Dataset records
────────────────────

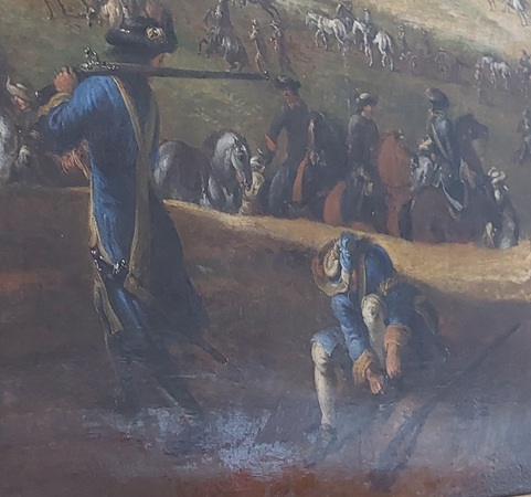 Men ficklock var som sagt något som Lemke nästan helt utelämnade när han avbildade soldater. Nedanstående detalj från en målning föreställande slaget vid Lund var det enda stället som jag lyckades hitta ficklock.
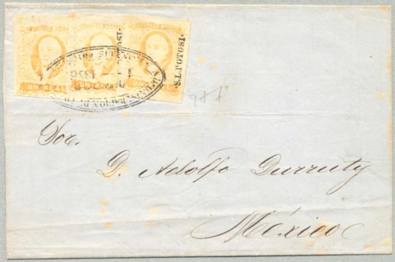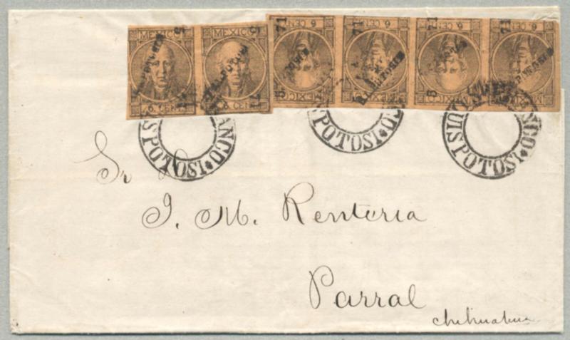 Automatisch generierte Übersetzung: 1871,6c, schwarz/gelbbraun, Viererstreifen und Paar, ungezähnte, S. L. POTOSI Landkreis, auf Brief von S. L. POTOSI zu PARRAL, gestempelt mit FRANCO S. LOIS POTOSI (Schatzkes 1460), ex Provera, unten links von Streifen und links oben von Paar leicht berührt, noch interessant und gesucht Ganzstück, F-XF! Schätzpreis 600 EUR.(Image)
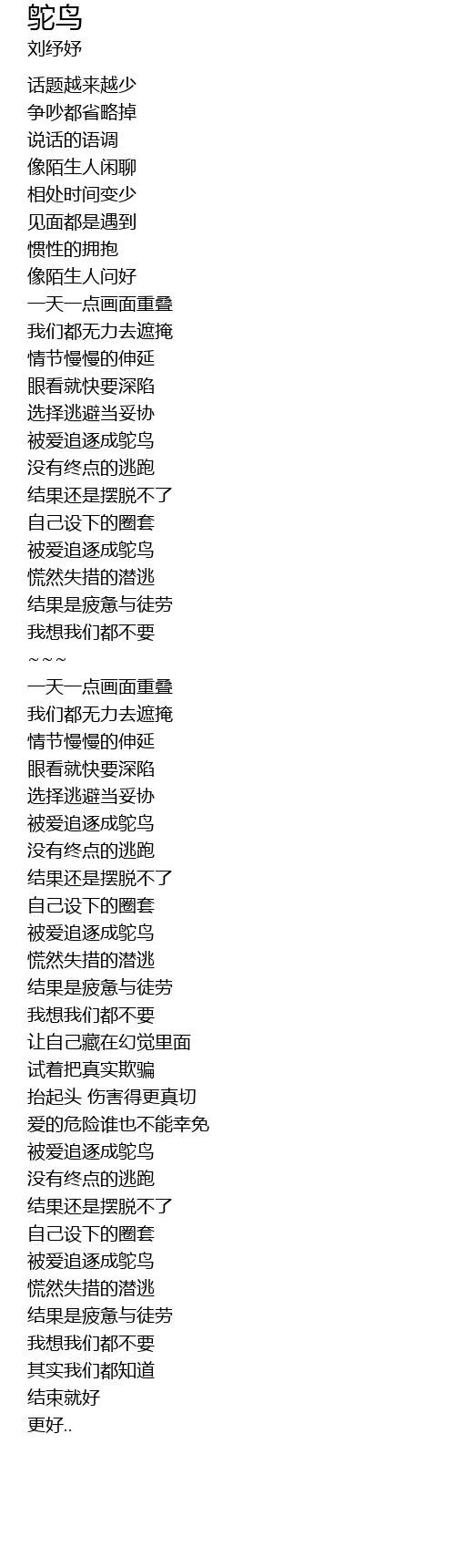 | [02:30.15] | 被爱追逐成鸵鸟 |
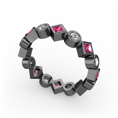 Rodolit garnet ve beyaz zirkon 925 ayar siyah rodyum kaplama gümüş yüzük
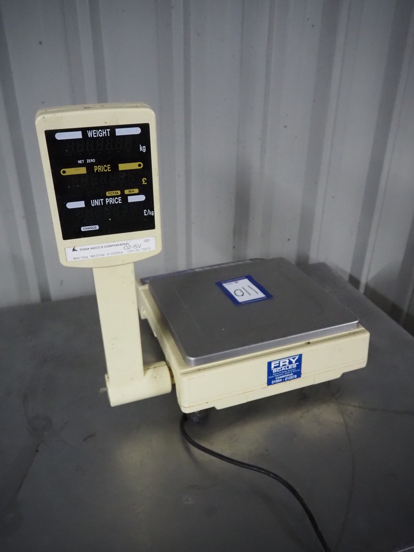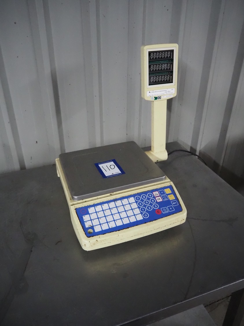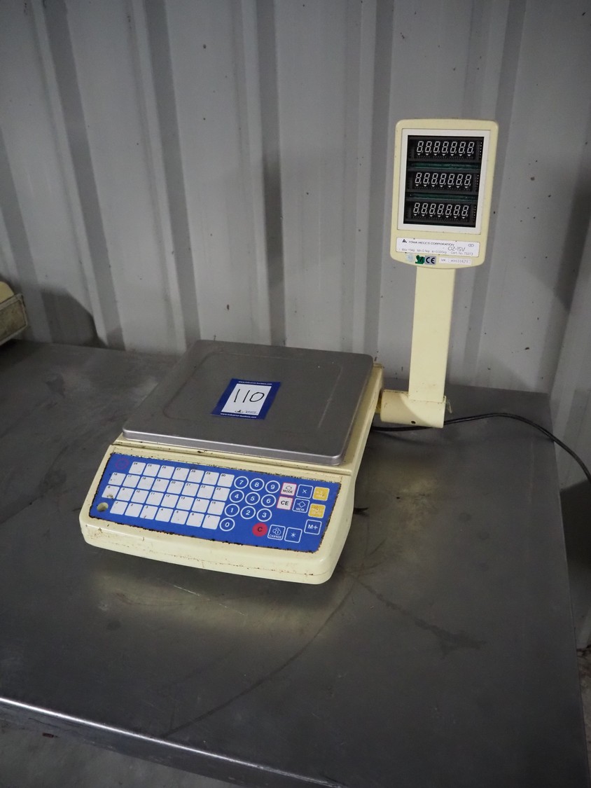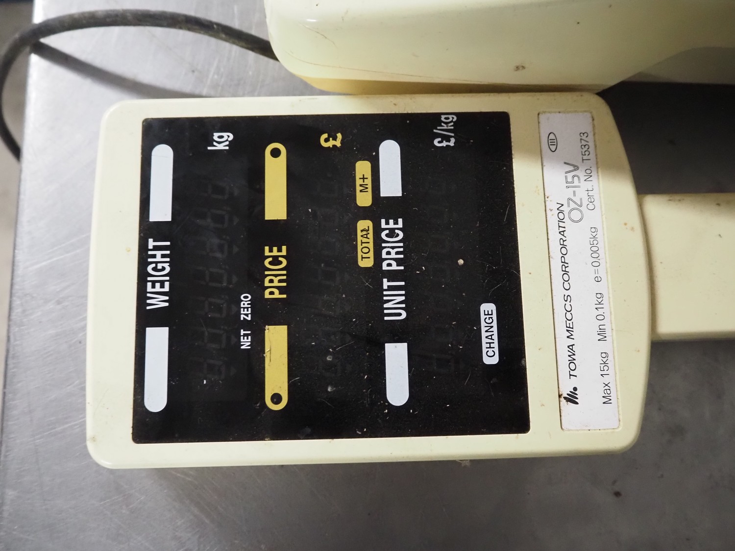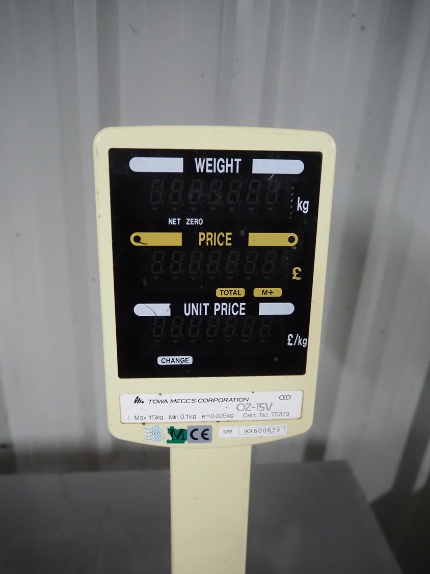 Towa Meccs Corporation weighing scale, 230 V, 1 Ph, 50/60 Hz, 200 mA, scale dimensions: 300 mm x 280 mm, total dimensions: 430 mm x 330 mm x 470 mm.
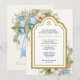 Doté d'une belle invitation de baptême catholique faite sur coutume avec la Sainte Mère tenant Jésus dans ses bras sur un arc bleu avec un spray floral. Tout le texte et les polices peuvent être modifiés.
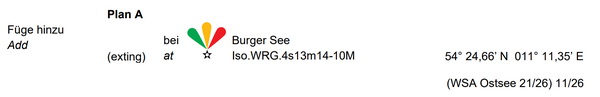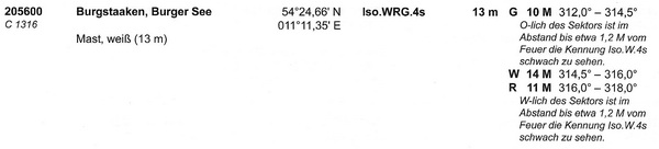 Auf Grund eines technischen Defekts ist das Sektorenfeuer Burger See (Lfd. Nr. 205600) bis auf weiteres
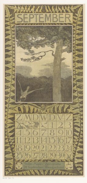 This is a calendar page for September with pheasants, made by Theo van Hoytema, a Dutch artist active at the turn of the 20th century. Van Hoytema was associated with the Arts and Crafts movement, whose practitioners questioned the division between art and industry. While he drew inspiration from nature, as seen in the rendering of birds and foliage, his images were carefully constructed and arranged. Notice the stylized rendering of the calendar grid, complete with decorative borders. The weekdays are abbreviated using a pseudo-medieval script, and the numbers are arranged within a rigid grid. In the Netherlands at this time, there was a vogue for art that would serve a social purpose. In contrast to fine art exhibited in elite museums and galleries, the calendar would be displayed in ordinary homes and workplaces. To understand the cultural work this image was intended to do, we might consult design journals and printed ephemera from the period. Through careful research, we can better appreciate the social and institutional context for works like this.
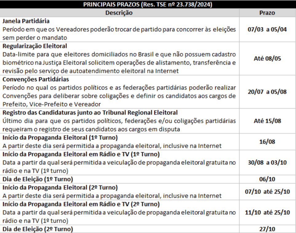 Além disso, é igualmente importante conhecer a legislação que regula o processo eleitoral. Orientamos que leia a Resolução nº 23.738, de 27 de fevereiro de 2024, do Tribunal Superior Eleitoral (clique aqui para baixá-la), que estabelece o calendário eleitoral para as eleições municipais de 2024. Trazemos abaixo os principais prazos que devem ser observados por aqueles que desejam ocupar cargos políticos em seus Municípios a partir do ano que vem:
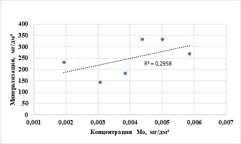Рисунок 3 - Среднемноголетняя зависимость концентрации молибдена от минерализации в воде р. Малка за 2022-2024 гг
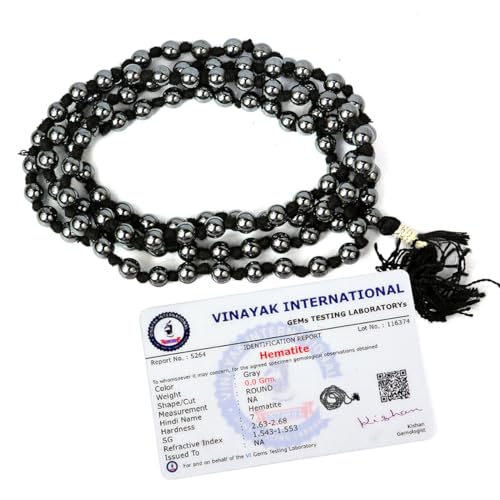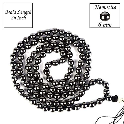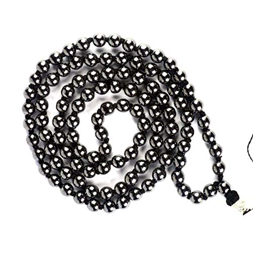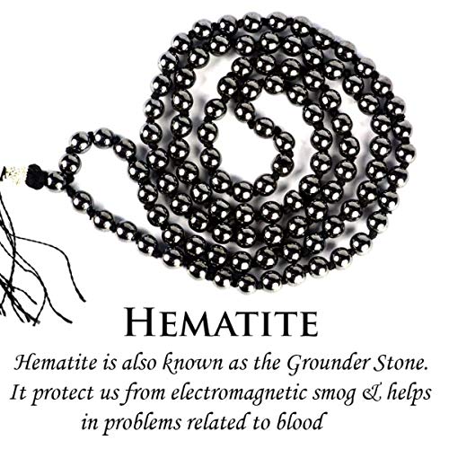 Crystu - Natural Semi Precious Crystal Stone 6 mm 108 Beads Jap Mala / Necklace for Reiki Healing Stones, 6 mm, Natural Crystal Stone, Hematite

────────────────────

§ **Action item**
In the copy, include exactly the lines from the one with "Рисунок 3 - Среднемноголетняя" through the final line of the data, both ends included, and no pictures.

§ **Problem solution**
Рисунок 3 - Среднемноголетняя зависимость концентрации молибдена от минерализации в воде р. Малка за 2022-2024 гг
 Crystu - Natural Semi Precious Crystal Stone 6 mm 108 Beads Jap Mala / Necklace for Reiki Healing Stones, 6 mm, Natural Crystal Stone, Hematite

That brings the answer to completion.